Oncology is about treating tumors (aka cancer). Cystic fibrosis is a genetic disorder with a well-known mechanism, a defective channel in the cell membrane.

It's already well established that improving the function of the CFTR or increasing the number of them is effective in mitigating the seriousness of the condition.

> that making new nanoparticles

I hate all the buzzwords around "nanoparticles", but here we're talking about "nanoparticle" encapsulated mRNA-- like is used in the mRNA-based COVID vaccines.

Here, the formulation is intended for inhalation instead of injection.

And it's carrying CRISPR machinery to do gene-editing.

The conspiracy theorists are going to love this one, I think.
The point still stands, there are thousands of papers demonstrating preclinical utility of nanoparticles for many applications, and extremely few actual medicines.
> there are thousands of papers demonstrating preclinical utility of nanoparticles for many applications, and extremely few actual medicines.

For nanoparticle delivered mRNA, things are relatively early and relatively little is to market. But I don't think we can reasonably dismiss it as being niche or not too useful, given that we just dosed hundreds of millions of people for the biggest emergent public health issue in recent memory.
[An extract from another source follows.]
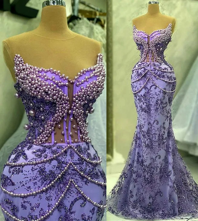 Purple Mermaid Evening Dress Beaded Formal Prom Gown fg7065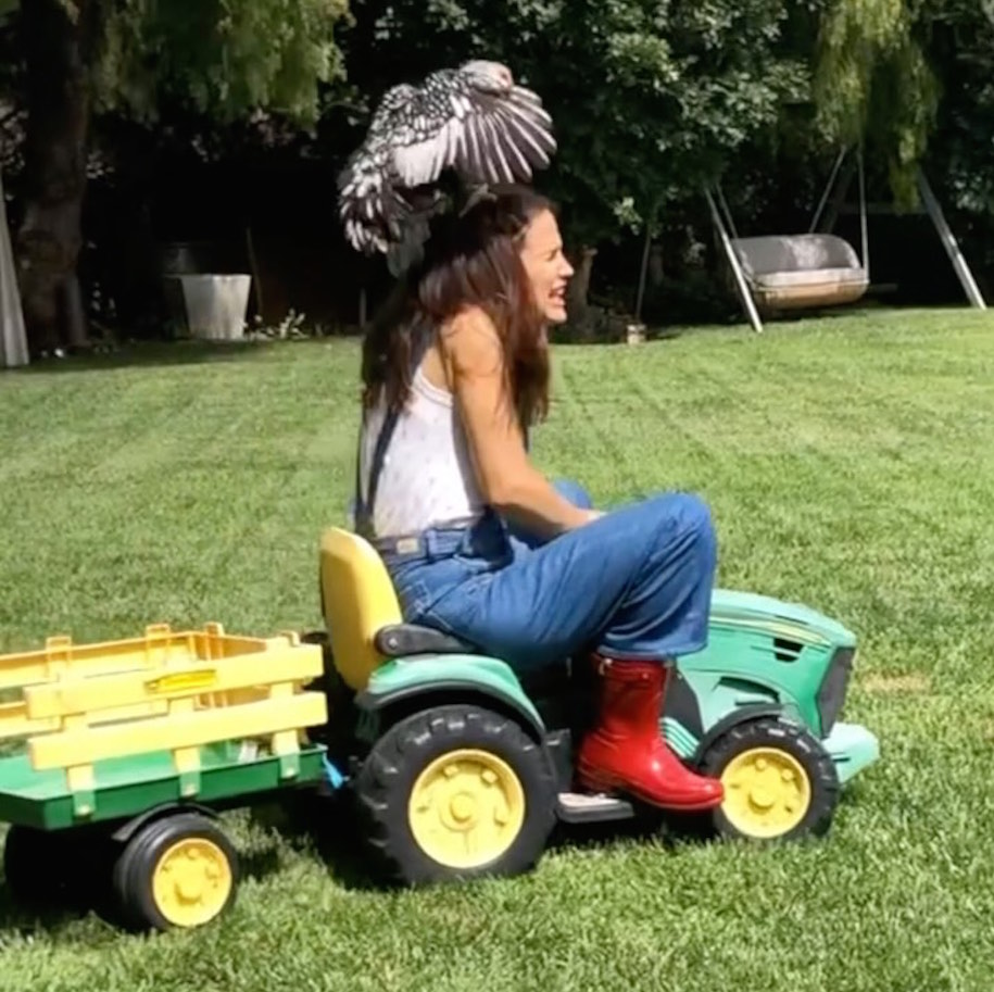 Σε ένα βίντεο που μοιράστηκε, βλέπουμε την ηθοποιό να οδηγεί ένα παιδικό μίνι τρακτέρ φορώντας την τζιν σαλοπέτα της, ενώ στην καρότσα που σέρνει πίσω της κουβαλάει μια κότα, η οποία δεν φαίνεται να συμμερίζεται τον ενθουσιασμό της. Έτσι, καθώς παίρνει μια στροφή, η κότα βουτά πάνω στο κεφάλι της Garner, η οποία πανικοβάλλεται και αρχίζει να φωνάζει.

Adult cystic fibrosis patients account for like a third of all lung transplants in the US and children with CF account for like half of all pediatric lung transplants. Lung transplants cost like a million dollars, can lead to a gruesome death if rejection sets in and require lifelong drugs.

The latest, greatest drugs for CF are extremely expensive (around $250k annually last I checked), don't work for everyone and must be taken forever as well.

Standard treatments for CF are extremely expensive and the condition is extremely debilitating.

It's a good candidate for new gene editing therapies in part because there is a simple, identified issue: a defective cell channel. Some genetic disorders are more complicated than that.